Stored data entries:

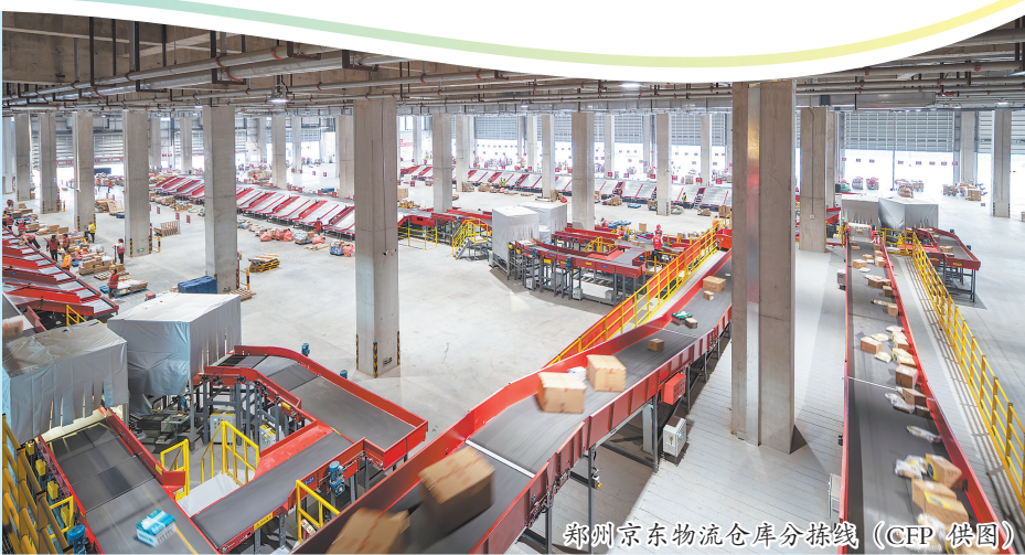
郑州京东物流仓库分拣线

今年“双11”,京东物流、申通、极兔等企业均在自动化能力上进一步提升加码,比拼时效。有从业人士认为,未来行业将继续向智能化、专业化方向发展,进入门槛进一步提升。
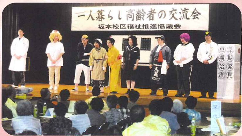
▲うちのおよねをよろしくたのみます。

昨年の十月二十一日に坂本公民館にて「一人暮らし高齢者の交流会」の中で、認知症サポートター養成講座が開催されました。認知症劇を通して、認知症の方に対する「やさしい言葉かけや話しに耳を傾ける」ことの大切さを訴えました。当日は雨でしたが、認知症劇は包括みなみの皆さんと一灯苑職員により、笑いあり涙ありの感動で幕を閉じる事ができました。これからも地域に根ざした活動を行って参ります。暖かく見守って下さい。
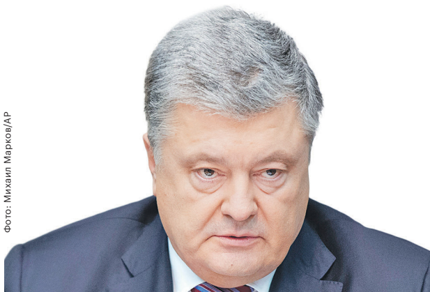
ПЕТР ПОРОШЕНКО, действующий президент Украины

Движение Украины в сторону НАТО и других объединений — залог нашей безопасности, в которое я верю и которое должно получить подтверждение через всеукраинский референдум.
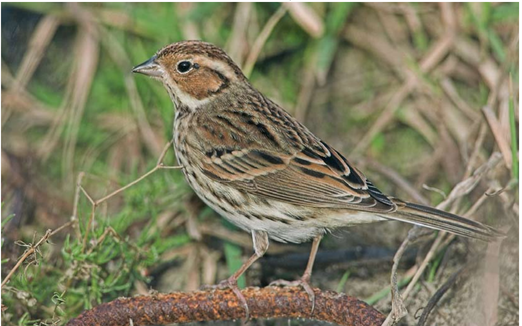
164 Dwerggors / Little Bunting Emberiza pusilla , Katwijk aan Zee, Zuid-Holland, 26 januari 2008 (Menno van Duijn)
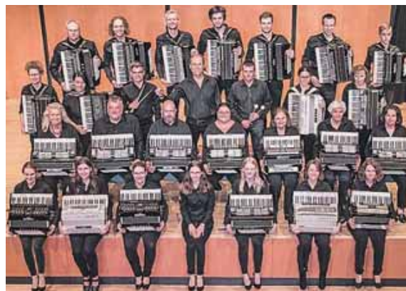
Das Akkordeonorchester »Erdinger Akkordtonsound«.
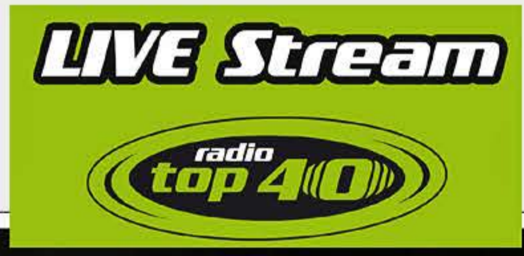
-- Radiowerbung, Verkehrssponsoring/Blitzermeldung :)

◆ **ABOUT THIS TASK**
Output all of the data exactly as it stands, minus any images.

◆ **SOLUTION TO THIS TASK**
郑州京东物流仓库分拣线

今年“双11”,京东物流、申通、极兔等企业均在自动化能力上进一步提升加码,比拼时效。有从业人士认为,未来行业将继续向智能化、专业化方向发展,进入门槛进一步提升。
▲うちのおよねをよろしくたのみます。

昨年の十月二十一日に坂本公民館にて「一人暮らし高齢者の交流会」の中で、認知症サポートター養成講座が開催されました。認知症劇を通して、認知症の方に対する「やさしい言葉かけや話しに耳を傾ける」ことの大切さを訴えました。当日は雨でしたが、認知症劇は包括みなみの皆さんと一灯苑職員により、笑いあり涙ありの感動で幕を閉じる事ができました。これからも地域に根ざした活動を行って参ります。暖かく見守って下さい。
ПЕТР ПОРОШЕНКО, действующий президент Украины

Движение Украины в сторону НАТО и других объединений — залог нашей безопасности, в которое я верю и которое должно получить подтверждение через всеукраинский референдум.
164 Dwerggors / Little Bunting Emberiza pusilla , Katwijk aan Zee, Zuid-Holland, 26 januari 2008 (Menno van Duijn)
Das Akkordeonorchester »Erdinger Akkordtonsound«.
-- Radiowerbung, Verkehrssponsoring/Blitzermeldung :)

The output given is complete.